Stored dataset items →
========================================================================

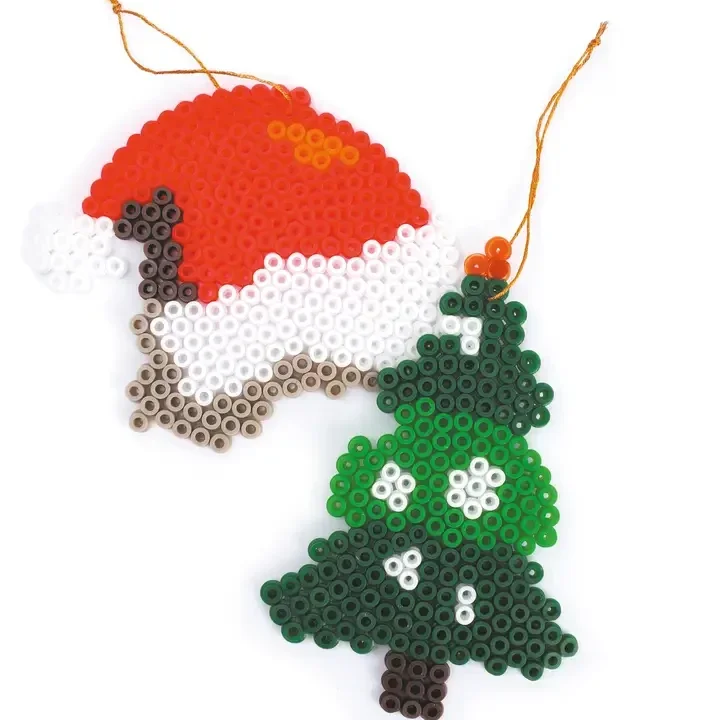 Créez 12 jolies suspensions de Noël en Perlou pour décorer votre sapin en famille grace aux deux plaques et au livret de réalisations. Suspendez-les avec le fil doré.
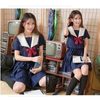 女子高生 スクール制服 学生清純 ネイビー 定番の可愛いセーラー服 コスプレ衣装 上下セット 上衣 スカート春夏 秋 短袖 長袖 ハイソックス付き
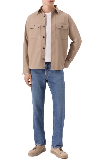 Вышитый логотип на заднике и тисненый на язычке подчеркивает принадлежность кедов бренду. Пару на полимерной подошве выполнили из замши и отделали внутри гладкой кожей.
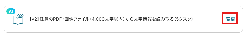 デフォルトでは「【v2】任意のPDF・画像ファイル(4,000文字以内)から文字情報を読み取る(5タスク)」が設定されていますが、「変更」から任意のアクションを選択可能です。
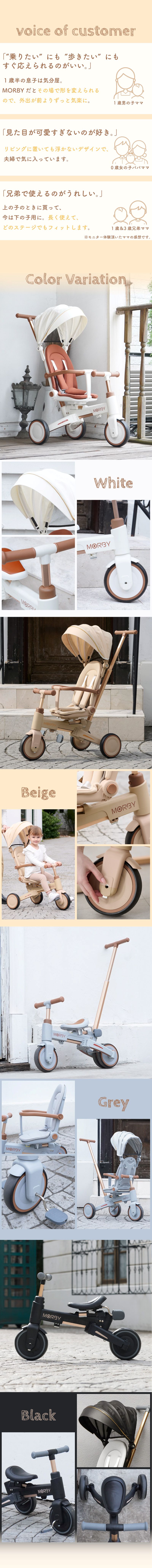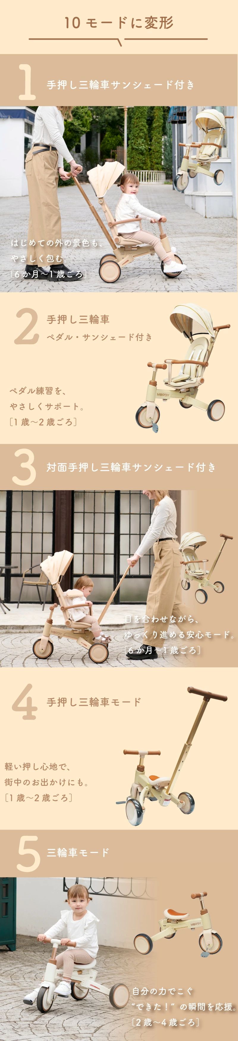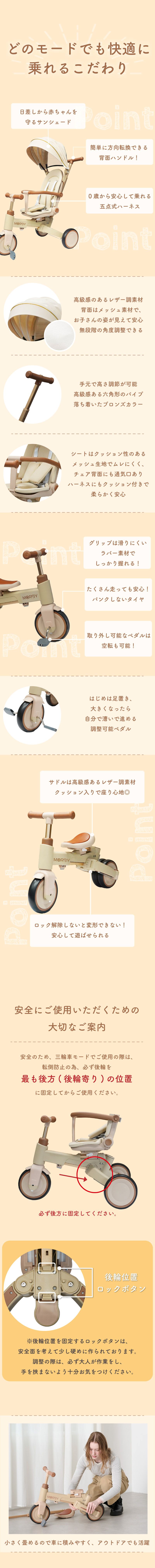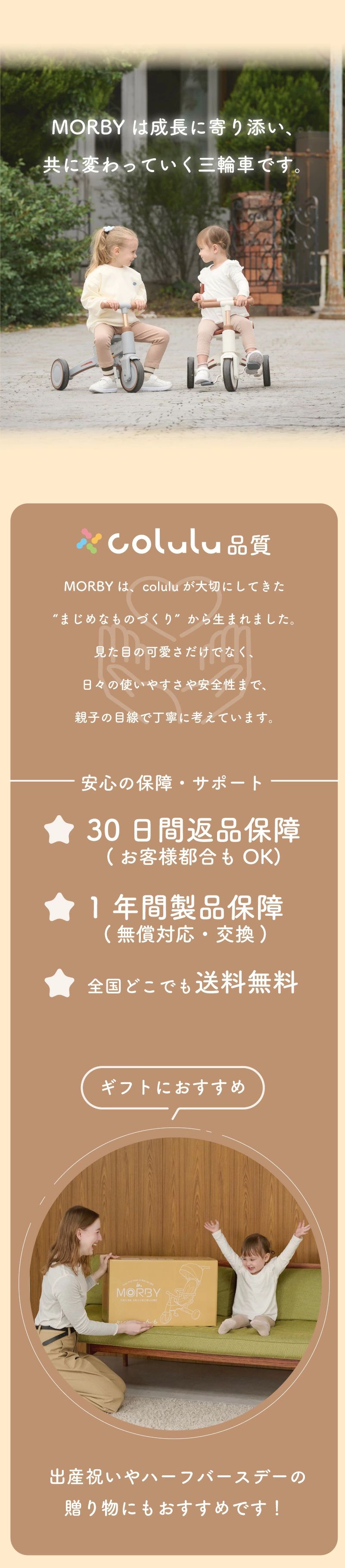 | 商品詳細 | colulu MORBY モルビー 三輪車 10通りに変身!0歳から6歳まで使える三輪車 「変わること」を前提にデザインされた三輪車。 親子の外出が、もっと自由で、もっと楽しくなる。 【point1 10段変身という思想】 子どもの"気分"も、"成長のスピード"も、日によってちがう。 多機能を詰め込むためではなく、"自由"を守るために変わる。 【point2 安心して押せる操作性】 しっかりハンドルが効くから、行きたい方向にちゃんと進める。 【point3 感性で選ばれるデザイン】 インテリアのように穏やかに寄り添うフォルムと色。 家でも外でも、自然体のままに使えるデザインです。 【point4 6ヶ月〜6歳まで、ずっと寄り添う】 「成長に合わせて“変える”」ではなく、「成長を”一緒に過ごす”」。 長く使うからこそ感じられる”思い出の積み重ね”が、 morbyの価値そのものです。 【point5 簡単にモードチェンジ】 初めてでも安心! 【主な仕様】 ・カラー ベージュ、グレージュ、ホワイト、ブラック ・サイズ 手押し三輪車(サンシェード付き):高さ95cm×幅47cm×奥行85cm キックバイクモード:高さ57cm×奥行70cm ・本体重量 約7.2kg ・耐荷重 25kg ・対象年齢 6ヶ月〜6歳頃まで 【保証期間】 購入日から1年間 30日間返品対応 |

========================================================================

WHAT NEEDS TO BE DONE → Your output is the lines from the top of the entries through the line containing "女子高生 スクール制服 学生清純", exactly as they stand. No pictures belong in it.

ANSWER TO THIS TASK →
 Créez 12 jolies suspensions de Noël en Perlou pour décorer votre sapin en famille grace aux deux plaques et au livret de réalisations. Suspendez-les avec le fil doré.
 女子高生 スクール制服 学生清純 ネイビー 定番の可愛いセーラー服 コスプレ衣装 上下セット 上衣 スカート春夏 秋 短袖 長袖 ハイソックス付き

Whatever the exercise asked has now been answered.